Conexiones

Grandes sectores de la clase dirigente argentina cooptados por la miopía del marginalismo

 

El aquí y ahora viene signado por una macroeconomía taladrada por la pandemia que se niega a dejar de infectar, el prominente endeudamiento externo y un proceso inflacionario renuente a salidas fáciles o, al menos, en las antípodas de la obtusa sencillez de imaginar conspiradores sinvergüenzas. Esa realidad navega en el mar de fondo de una caída muy pronunciada del nivel de vida. Como en toda encrucijada, la gran cuestión está en la ruta hacia la salida y en quién o quiénes tienen la capacidad de timonear la nave con eficiencia. Ahí se localiza el serio problema político por el que se atraviesa. En la cara de esa moneda, de acuerdo a las encuestas, se observa al electorado convocado para las legislativas de mediano término como transpirando desconfianza y resignación. En la ceca se encuentra traducida la cuestión de fondo, la que atañe a grandes sectores de la clase dirigente argentina y que taran su comportamiento.

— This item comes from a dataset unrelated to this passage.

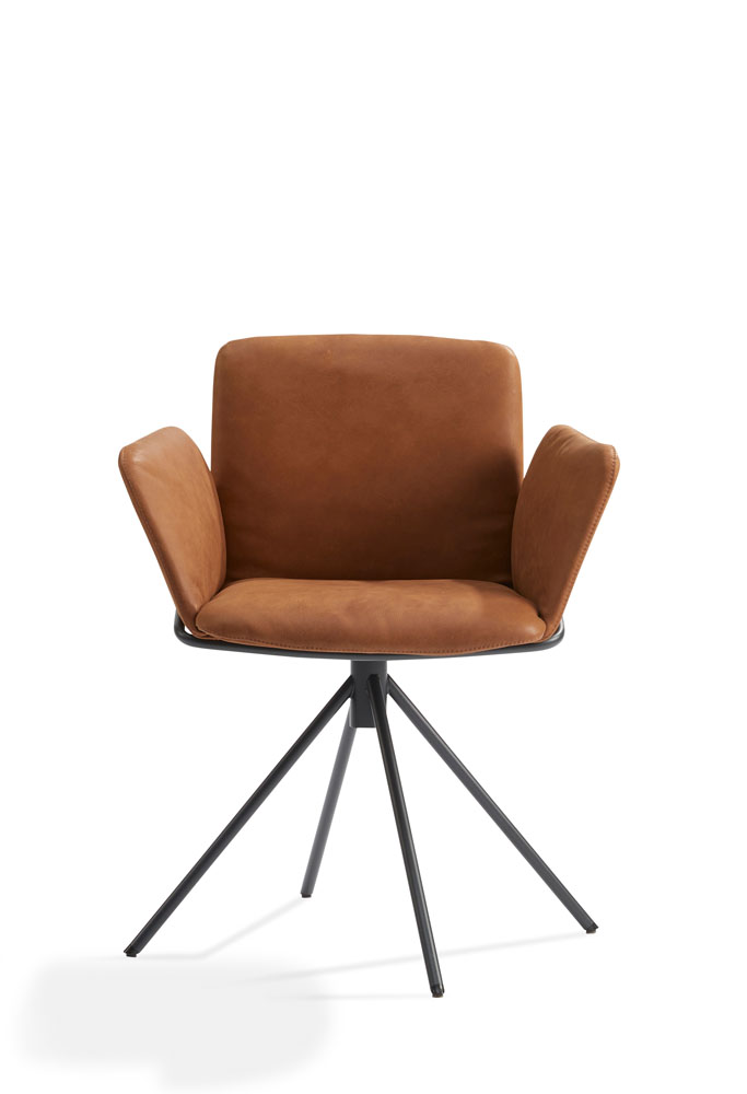 Easy jr er en lænestol, hvor rammen ligger udenpå – også mulig med drejefod. Et ungt og tidssvarende design, men med et strejf af retro.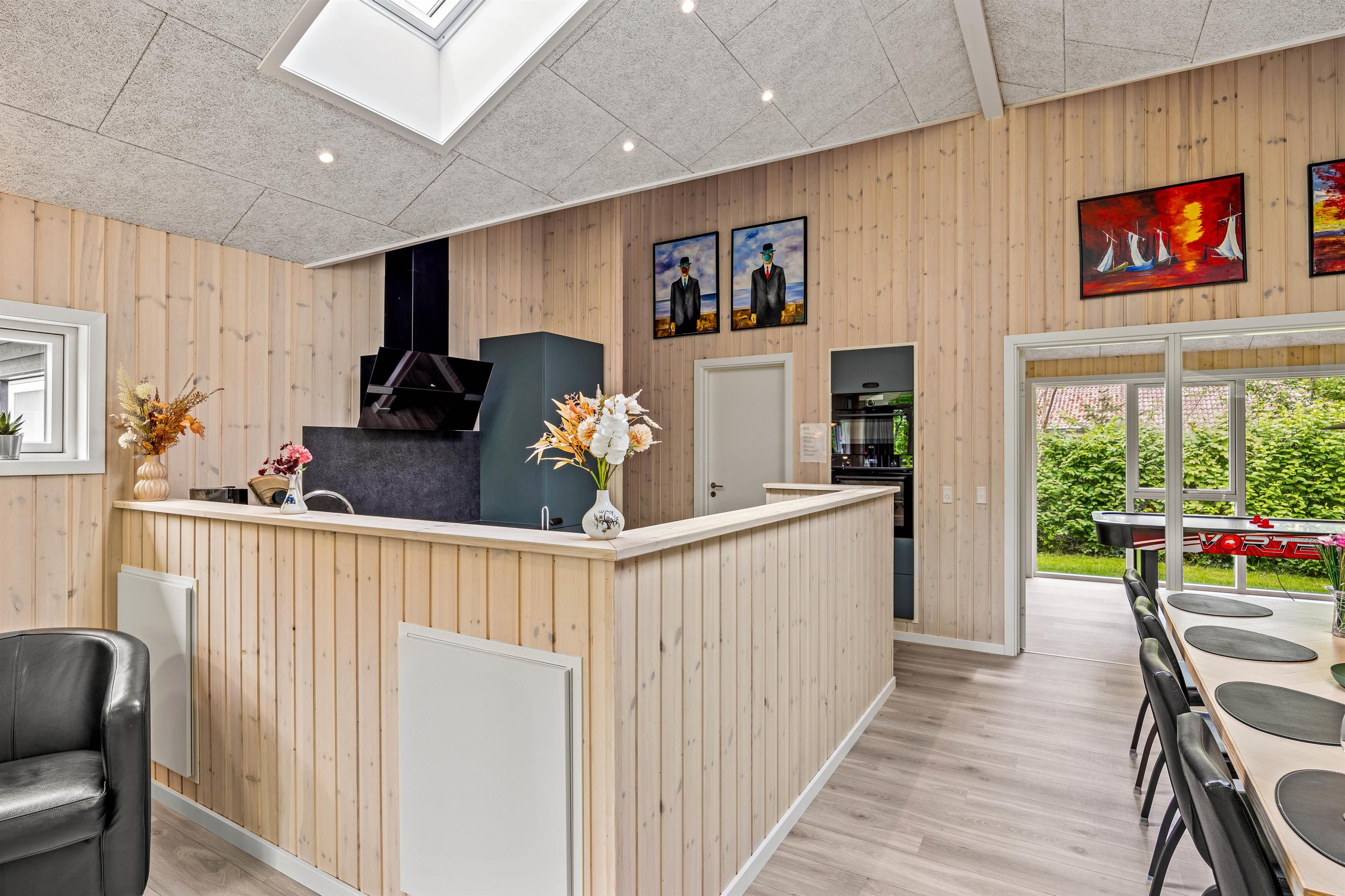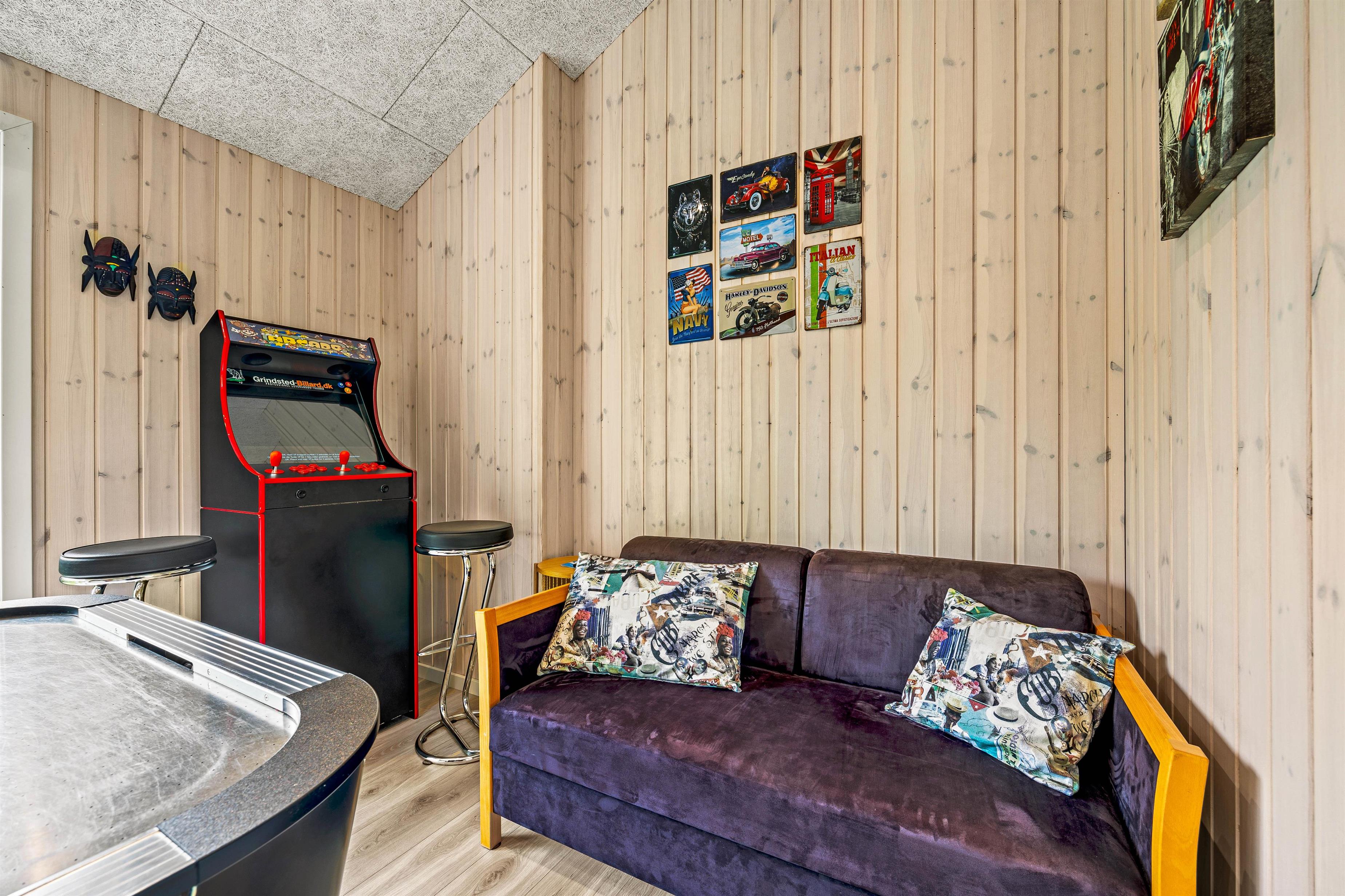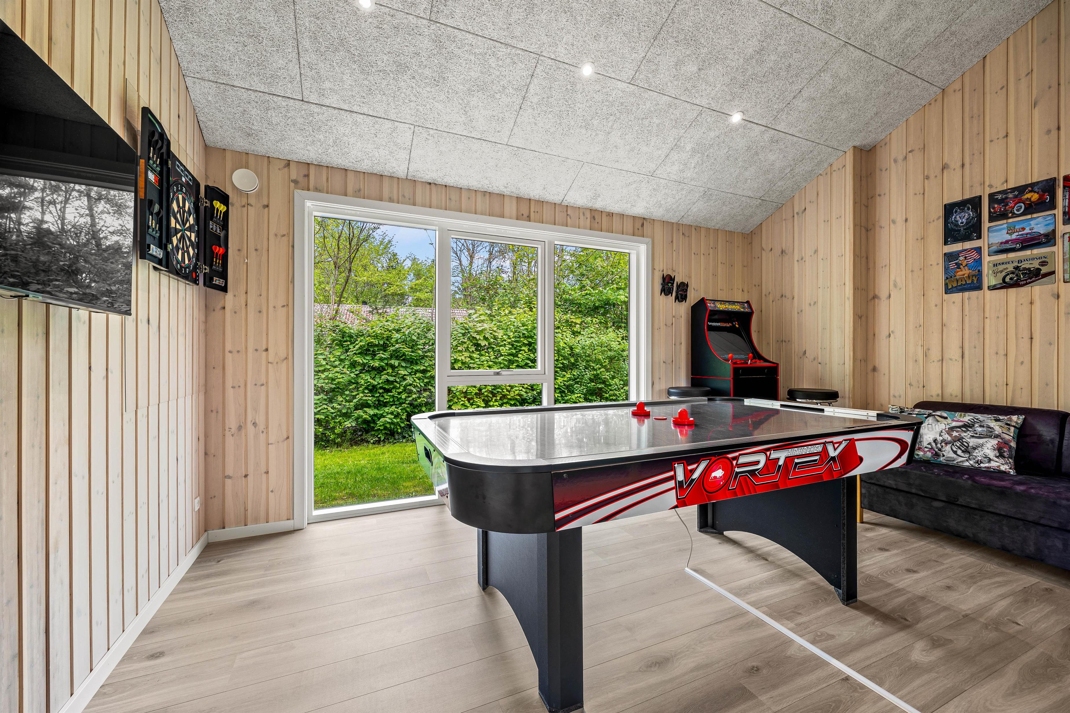 Sommerhuset på 161 m2 i Jegum Ferieland er ikke kun et sted at bo, men også et sted for leg og afslapning. Højdepunktet er poolrummet, der indeholder den 20 m2 store swimmingpool, et boblebad og den varme sauna. Her er der rig mulighed for afslapning, dykning og vandleg – et fantastisk sted uanset vejret. Aktivitetsrummet vil helt sikkert også blive nydt af alle feriegæster uanset alder, da her både er dart, airhockey og en arkademaskine. Her kan I spille om opvasken eller sætte ny high score.

Esa cuestión de fondo es el conservadurismo que caracteriza a grandes sectores de esa clase dirigente local. Se asienta sobre una visión del funcionamiento mundial de la producción de bienes y servicios voluntarista y una aceptación acrítica de lo que ofrece la sabiduría convencional acerca de cómo analizar los vaivenes de la economía. En su aptitud política interna y su actitud ante la globalización, esos grandes sectores recuerdan a las reflexiones de George Orwell sobre el poeta imperial Rudyard Kipling, plasmadas en un ensayo de 1941. El autor de las célebres novelas Rebelión en la granja y 1984 afirma que Kipling, pese a que “no tenía conexión directa con ningún partido político (…) era un conservador, algo que no existe hoy en día. Los que ahora se llaman conservadores son liberales, fascistas o cómplices de los fascistas”. Orwell encuentra el origen de esa opción del poeta en “su sentido de la responsabilidad, que le permitió tener una visión del mundo, aunque resultó ser falsa”. Kipling creía que, mediante la conquista, el hombre blanco expandía la civilización y el progreso para bien de la humanidad.

Por eso entiende que “se identificó con el poder gobernante y no con la oposición, (lo que) tenía la ventaja de darle a Kipling un cierto control sobre la realidad. El poder gobernante siempre se enfrenta a la pregunta: “En tales y tales circunstancias, ¿qué harías?”, mientras que la oposición no está obligada a asumir responsabilidades ni a tomar decisiones reales (…) Además, cualquiera que parte de una visión pesimista y reaccionaria de la vida, tiende a estar justificado por los acontecimientos, porque la utopía nunca llega (…) Kipling se vendió a la clase gobernante británica, no financieramente, sino emocionalmente”. Aunque uno u otro rasgo de Kipling identificado por Orwell no encaje perfectamente en la descripción de grandes sectores de la clase dirigente argentina, se puede apreciar que el conjunto sale airoso.

 

George Orwell y el significado político entre nosotros del peso de la responsabilidad del hombre blanco de Rudyard Kipling.

 

 

 

Suma y sigue

Una panorámica de cuáles son las conexiones que animan la economía mundial es el parámetro para evaluar la afirmación realizada sobre la visión defectuosa de grandes sectores de la clase dirigente argentina. En la actualidad, el total de ingresos del planeta (o producto bruto mundial) es de alrededor de 129 billones de dólares, que es la suma de los salarios y beneficios mundiales. Siempre de acuerdo a los datos del Banco Mundial y del FMI, los Estados Unidos, Canadá, la Unión Europea y Japón (el G7, digamos) explican el 36% del producto mundial, o sea, 46 billones de dólares, pero albergan el 12% de la población mundial: 905 millones de seres humanos. A este cuadro hay que agregarle que China, con el 17% de la población mundial, explica el 16% del producto mundial. El grado de desigualdad estructural de este mundo se puede inferir al considerar que el 71% de la población mundial tiene para repartirse el 52% del producto mundial.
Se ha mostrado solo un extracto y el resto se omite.